Tips to Stay Healthy

Stay Healthy Chesapeake Bay Swimming: 7 Simple Rules

  1. After rainfall of 1/2 inch or more, all Anne Arundel County beaches are under a no swimming/no direct water contact advisory for at least 48 hours.
  2. Do not swim in the Bay before checking this site: Anne Arundel County’s Beach Swimming Guide.

  3. Never swim in cloudy, murky water or near storm drains.
  4. Look for trash and other signs of pollution, such as oil slicks or scum on the water.
  5. Do not swim in the Bay if you have an ear infection, a perforated eardrum, open cuts, scratches or skin lesions, or a compromised immune system.
  6. Do not swim in water areas where there is a fish kill or where there are any dead animals or known algae bloom.
  7. Try not to swallow water while swimming.

Of all the rules to live by, the most important is do not swim within 48 hours of a rainfall

“After rainfall of 1/2 inch or more, all Anne Arundel County beaches are under a no swimming/no direct water contact advisory for at least 48 hours” –Anne Arundel County Health Department.

If you follow these simple rules, you lower your risk for getting a water-related disease dramatically.

“Which Areas of the Chesapeake are Safest for Bay Swimming?”

Unfortunately, there is not a single area that is “always safe”. The possibility of sewage leak, or irresponsible boater pumping out, means that any river can suddenly develop high bacterial counts.

Local health departments test for bacteria from human feces (usually E. coli or Enterococci) once or twice per week.

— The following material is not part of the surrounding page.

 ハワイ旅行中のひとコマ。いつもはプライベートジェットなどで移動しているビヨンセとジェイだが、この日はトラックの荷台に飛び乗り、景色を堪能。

Chesapeake Bay swimming from Evolve Medical, Maryland's Direct Primary Care, provides the highest rated primary care and urgent care to Annapolis, Edgewater, Davidsonville, Crownsville, Severna Park, Arnold, Gambrills, Crofton, Waugh Chapel, Stevensville, Pasadena and Glen Burnie.

In Annapolis and surrounding areas, these results can be easily found on Anne Arundel Health Department’s website: Water Quality Report . These tests are performed by local health departments following guidelines set up by the EPA.

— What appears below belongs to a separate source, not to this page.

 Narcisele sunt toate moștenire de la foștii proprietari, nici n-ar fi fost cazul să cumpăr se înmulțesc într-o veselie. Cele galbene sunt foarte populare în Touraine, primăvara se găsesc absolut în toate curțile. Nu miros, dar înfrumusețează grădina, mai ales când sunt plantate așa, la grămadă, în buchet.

The EPA’s “acceptable” level of fecal bacteria is 104 or fewer bacteria colonies per 100 milliliters of water.   

If you are not checking this report, you would have no idea which beaches are near closure. 

Please note: the Water Quality Monitoring Program does NOT sample in the 48 hours after rainfall of 1/2 inch or more. The reason is that bacteria levels would be very high in nearly every location!

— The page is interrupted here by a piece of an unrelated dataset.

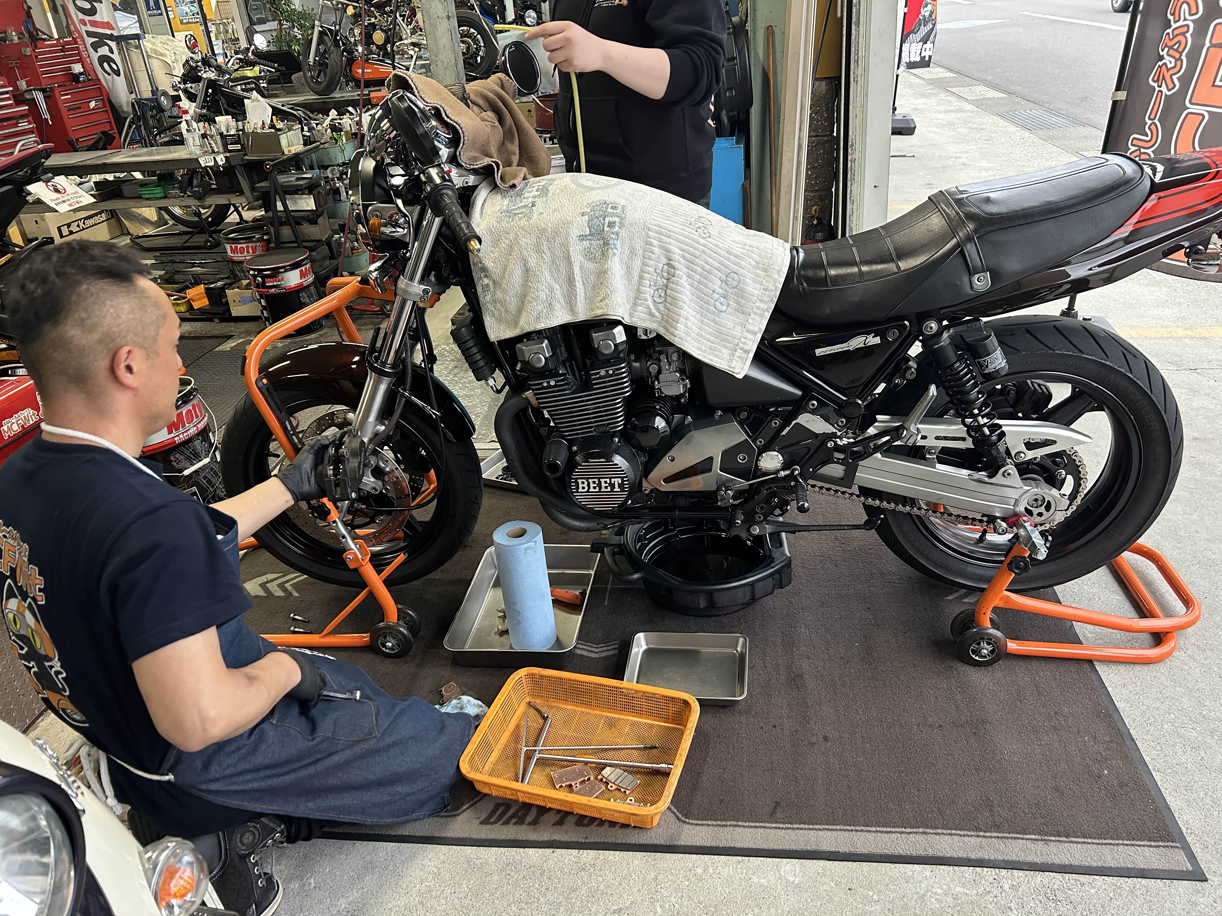 到老朋友户仓君那里换一下机油和刹车片。

“What Diseases Can I Get in the Chesapeake Bay?”

Chesapeake Bay swimming from Evolve Medical, Maryland's Direct Primary Care, provides the highest rated primary care and urgent care to Annapolis, Edgewater, Davidsonville, Crownsville, Severna Park, Arnold, Gambrills, Crofton, Waugh Chapel, Stevensville, Pasadena and Glen Burnie.

Chesapeake Bay, 2012.

The most common illness people get from dirty Bay water is diarrhea. Diarrhea can be caused by germs such as Crypto (short for Cryptosporidium), Giardia, Shigella, norovirus and E. coli. 

In 2009, the Chesapeake Bay Foundation published, “Bad Water: The Impact on Human Health in the Chesapeake Bay Region”. In it, CBF states, “The Chesapeake Bay in summer is like a warm pond with a broth of nutrients at the right temperature to breed algae and bacteria.”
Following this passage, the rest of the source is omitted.